As a book designer, Dash understands the very fine details important in making picture books that enhance the reading experience for a child—being careful about the word limit on every page, the balance of visuals and colours, to work with better compositions etc. She elucidates how picture books are a powerful medium for a child who is yet to develop a solid reading habit, they are an introduction to the experiences yet to be discovered by them.

Children are wonderful and wanderful and always seeking stories. Their creativity knows no boundaries and it’s the best audience to engage with, they will take your story seriously and will help you refine your stories in so many different ways.

“It’s like a small window to the giant world full of opportunities, feelings and mysteries unknown to them. Children are also inherently creative, and they might make a completely different meaning out of the pictures they see in a book, which is why picture books are also open to a lot of interpretation and don’t usually end with a prescriptive, moral of the story.

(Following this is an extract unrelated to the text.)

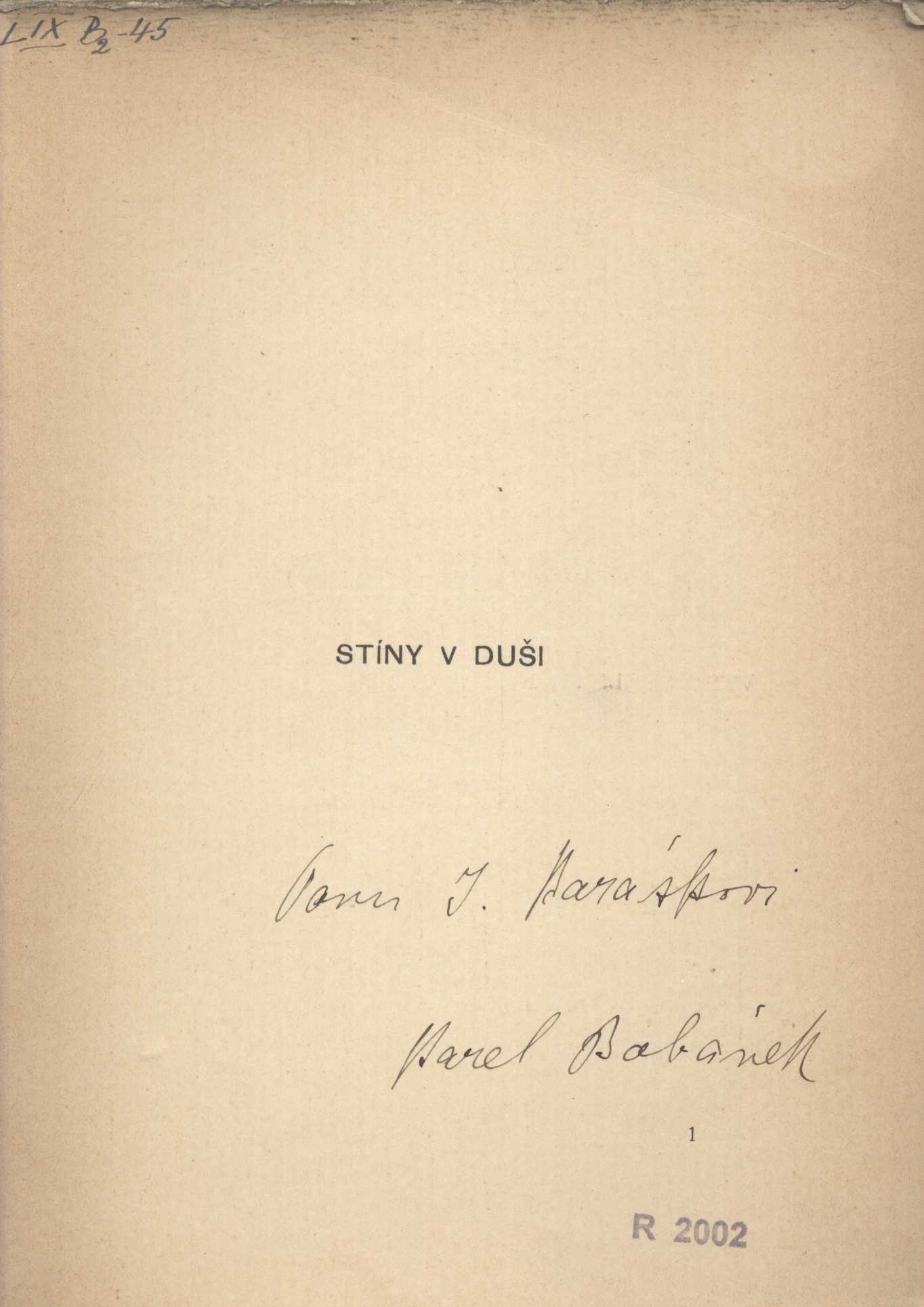 Signatura P 5 F 67: Původní brož. - Rozpad vazby. - Obálka na okrajích poškozena degradací papíru, ve hřbetu slepena papírovou lepicí páskou. - Na patitulu dedikace autora slečně Juránkové [?].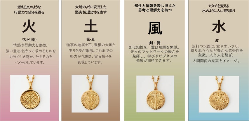 エレメントとは、12星座を区分する4つの価値観。自分の星座に対応するモチーフを選ぶことで、生まれ持った運命をより活かしやすくし、運気全体の底上げになります。叶えたい願いから選ぶことも可能。より自由に自分らしく運を切り開くエレメントで選ぶ“アテニア”だけのお守りコインジュエリー。

It has so many takeaways and the illustrations are a joy for a child—the colours, lines and shapes, the characters, everything comes together to create a small world functioning within the book. This is why picture book artists have a fun, but very responsible task at hand—of telling the world through pictures. I also think picture books are for everyone and not just for children. Adults enjoy picture books a lot too, and they never go out of trend because they are relatable and always full of art.”

For anyone wanting to write for children, Dash advises them to be as authentic as possible, “Children are wonderful and wanderful and always seeking stories. Their creativity knows no boundaries and it’s the best audience to engage with, they will take your story seriously and will help you refine your stories in so many different ways. Seeing things from the eyes of a child is difficult after so much conditioning and adulting! But it is a rewarding and wholesome experience.”